──────── PROVIDED DATA ────────

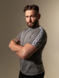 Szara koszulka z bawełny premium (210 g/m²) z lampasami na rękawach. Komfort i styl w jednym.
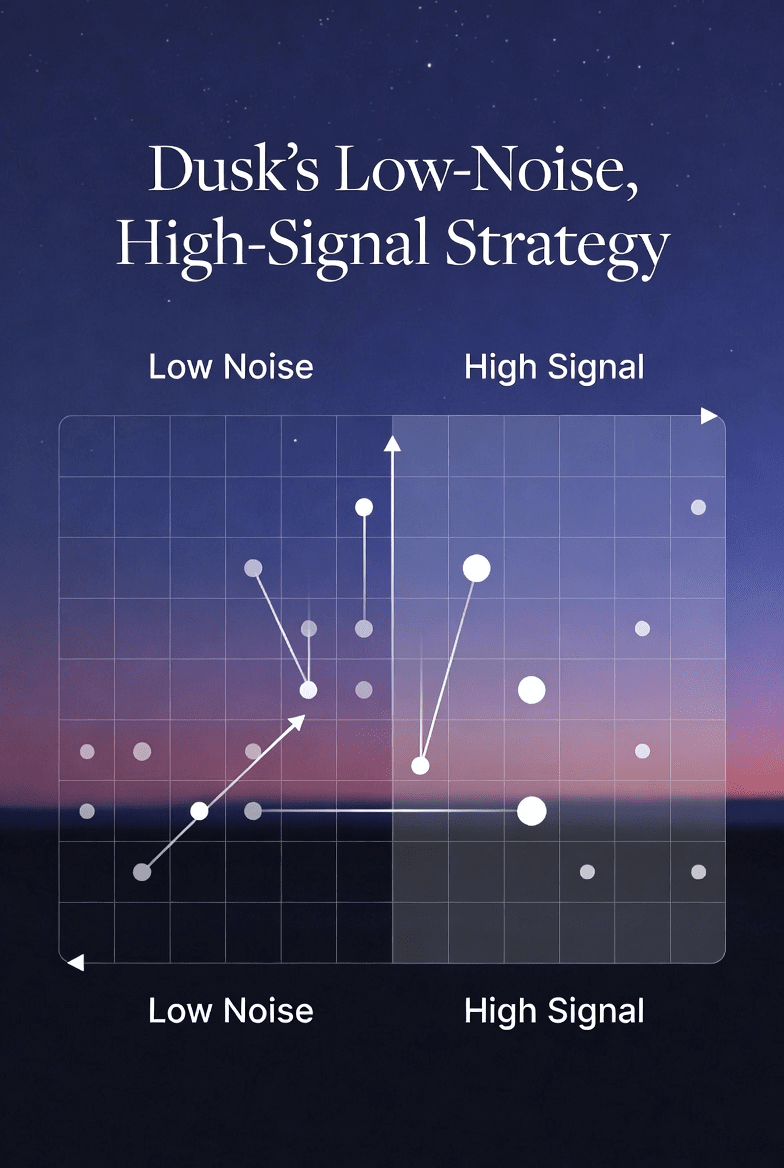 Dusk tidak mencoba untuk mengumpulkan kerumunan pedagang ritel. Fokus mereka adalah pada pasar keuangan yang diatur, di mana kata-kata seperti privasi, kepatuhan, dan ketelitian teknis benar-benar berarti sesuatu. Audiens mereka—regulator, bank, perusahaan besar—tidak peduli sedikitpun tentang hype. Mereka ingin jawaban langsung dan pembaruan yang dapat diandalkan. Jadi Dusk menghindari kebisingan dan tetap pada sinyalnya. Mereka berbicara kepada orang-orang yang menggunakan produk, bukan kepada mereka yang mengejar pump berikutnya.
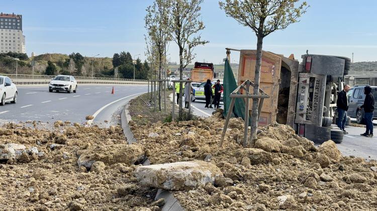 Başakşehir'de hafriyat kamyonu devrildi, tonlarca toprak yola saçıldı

────────
──────── PROVIDED DATA ────────

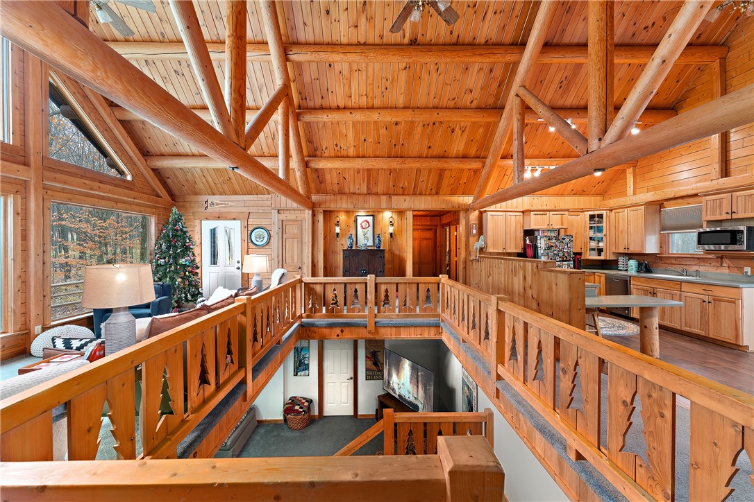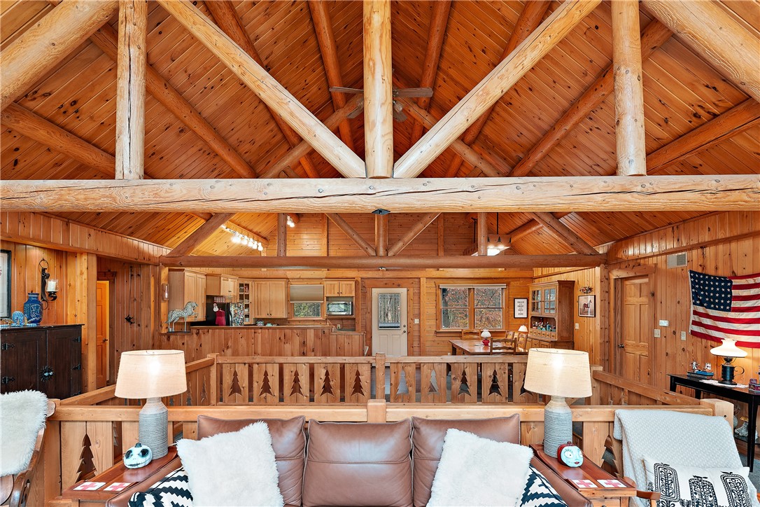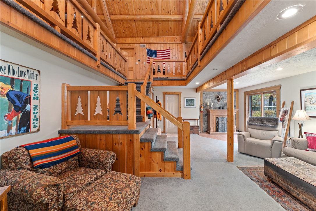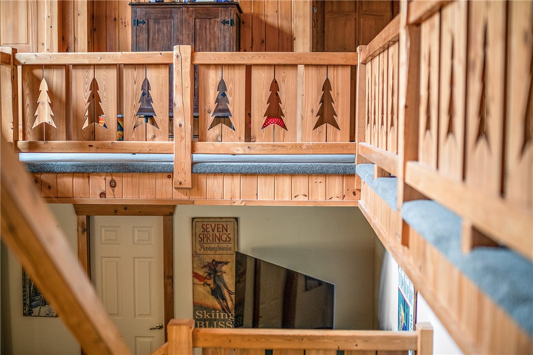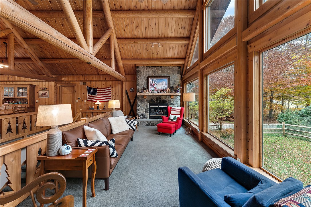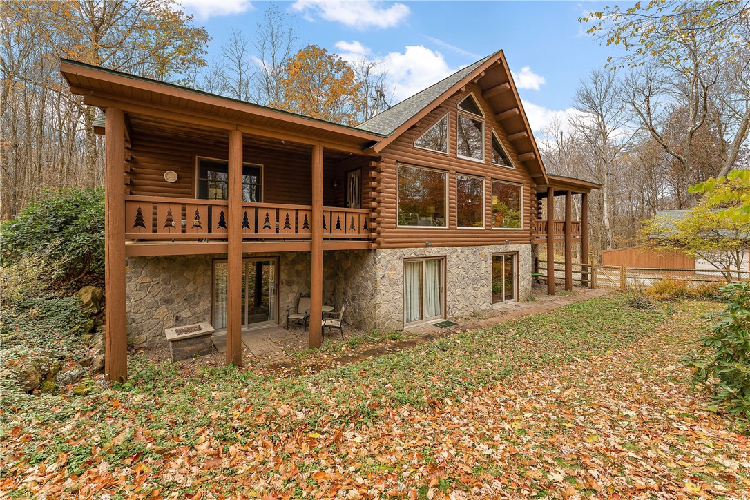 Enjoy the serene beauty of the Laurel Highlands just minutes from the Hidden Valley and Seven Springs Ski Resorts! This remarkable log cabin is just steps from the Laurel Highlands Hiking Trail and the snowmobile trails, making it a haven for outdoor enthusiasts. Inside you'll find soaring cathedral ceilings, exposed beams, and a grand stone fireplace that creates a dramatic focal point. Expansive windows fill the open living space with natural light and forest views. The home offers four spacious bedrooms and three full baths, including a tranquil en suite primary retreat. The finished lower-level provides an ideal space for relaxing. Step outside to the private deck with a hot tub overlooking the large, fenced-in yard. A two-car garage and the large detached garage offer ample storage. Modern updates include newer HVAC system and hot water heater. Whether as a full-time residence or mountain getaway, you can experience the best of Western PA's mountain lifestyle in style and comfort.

────────

* [WHAT THE TASK REQUIRES] The lines to copy exactly start with the line above that has "Szara koszulka z" and go on through the line that has "Başakşehir'de hafriyat kamyonu"; please include both, add nothing else, and omit the pictures.

* [EXERCISE ANSWER]
 Szara koszulka z bawełny premium (210 g/m²) z lampasami na rękawach. Komfort i styl w jednym.
 Dusk tidak mencoba untuk mengumpulkan kerumunan pedagang ritel. Fokus mereka adalah pada pasar keuangan yang diatur, di mana kata-kata seperti privasi, kepatuhan, dan ketelitian teknis benar-benar berarti sesuatu. Audiens mereka—regulator, bank, perusahaan besar—tidak peduli sedikitpun tentang hype. Mereka ingin jawaban langsung dan pembaruan yang dapat diandalkan. Jadi Dusk menghindari kebisingan dan tetap pada sinyalnya. Mereka berbicara kepada orang-orang yang menggunakan produk, bukan kepada mereka yang mengejar pump berikutnya.
 Başakşehir'de hafriyat kamyonu devrildi, tonlarca toprak yola saçıldı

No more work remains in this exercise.